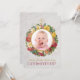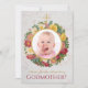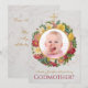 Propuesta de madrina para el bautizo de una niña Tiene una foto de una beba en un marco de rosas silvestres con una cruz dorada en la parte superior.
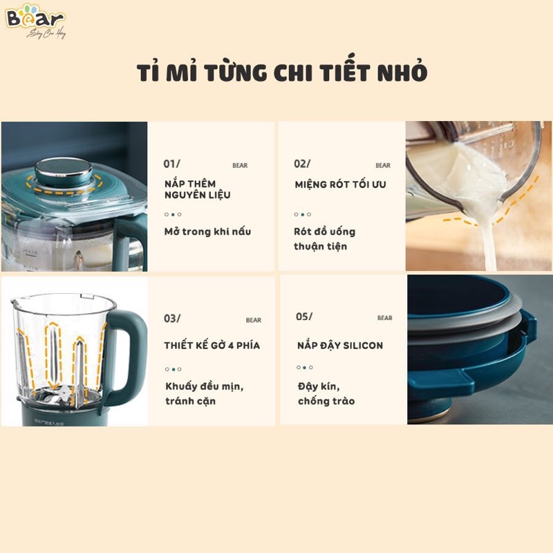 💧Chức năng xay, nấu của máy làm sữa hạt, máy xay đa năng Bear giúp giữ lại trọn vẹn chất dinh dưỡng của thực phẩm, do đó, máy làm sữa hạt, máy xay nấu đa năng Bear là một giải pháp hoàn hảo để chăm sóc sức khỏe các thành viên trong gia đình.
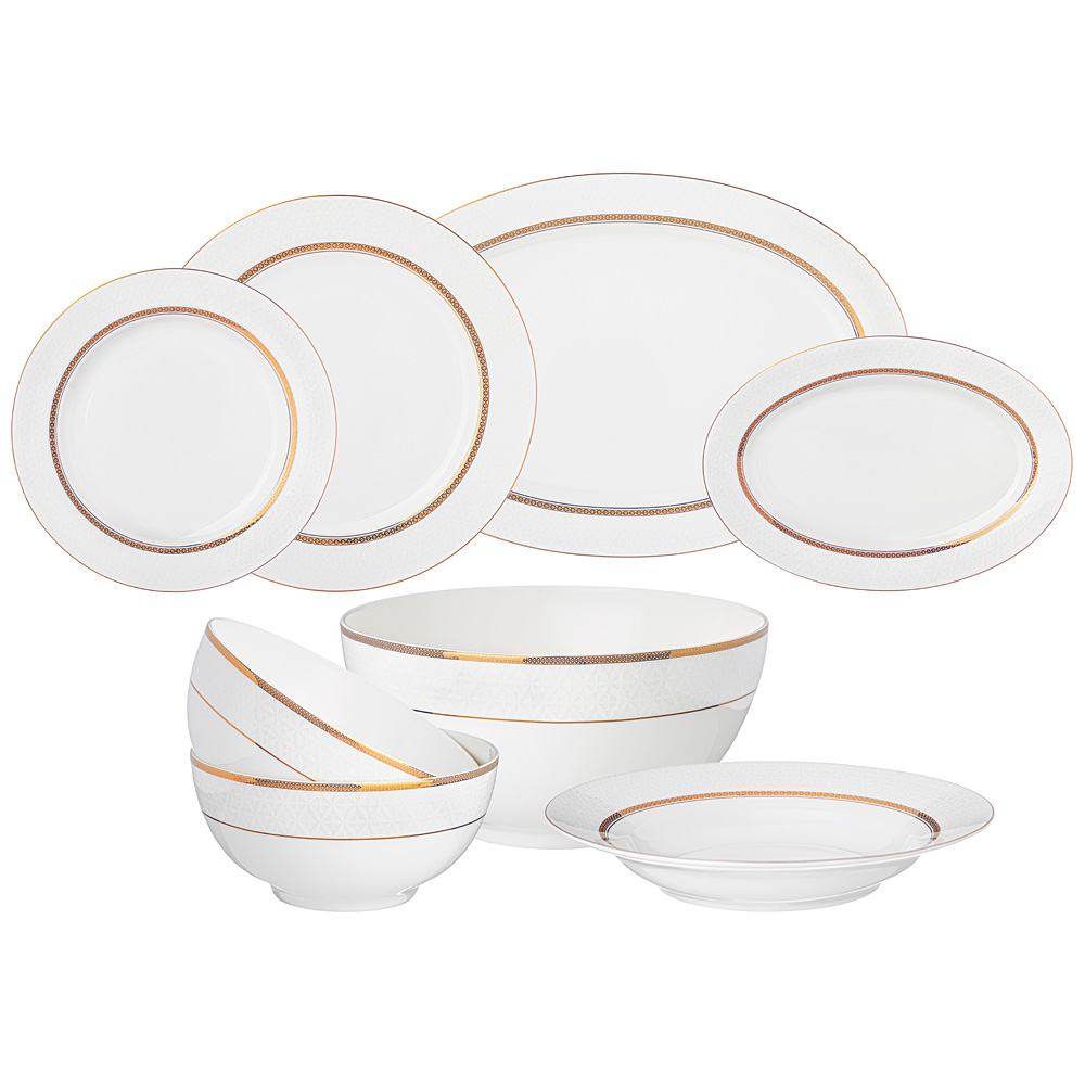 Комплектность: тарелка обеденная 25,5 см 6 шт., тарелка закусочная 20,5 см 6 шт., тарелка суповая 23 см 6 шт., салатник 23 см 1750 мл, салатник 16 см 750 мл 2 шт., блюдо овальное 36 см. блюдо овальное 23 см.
■ ■ ■ ■ ■
§ **Task brief**
Print all of the data exactly, and do not carry over any pictures.

§ **Task output**
 Propuesta de madrina para el bautizo de una niña Tiene una foto de una beba en un marco de rosas silvestres con una cruz dorada en la parte superior.
 💧Chức năng xay, nấu của máy làm sữa hạt, máy xay đa năng Bear giúp giữ lại trọn vẹn chất dinh dưỡng của thực phẩm, do đó, máy làm sữa hạt, máy xay nấu đa năng Bear là một giải pháp hoàn hảo để chăm sóc sức khỏe các thành viên trong gia đình.
 Комплектность: тарелка обеденная 25,5 см 6 шт., тарелка закусочная 20,5 см 6 шт., тарелка суповая 23 см 6 шт., салатник 23 см 1750 мл, салатник 16 см 750 мл 2 шт., блюдо овальное 36 см. блюдо овальное 23 см.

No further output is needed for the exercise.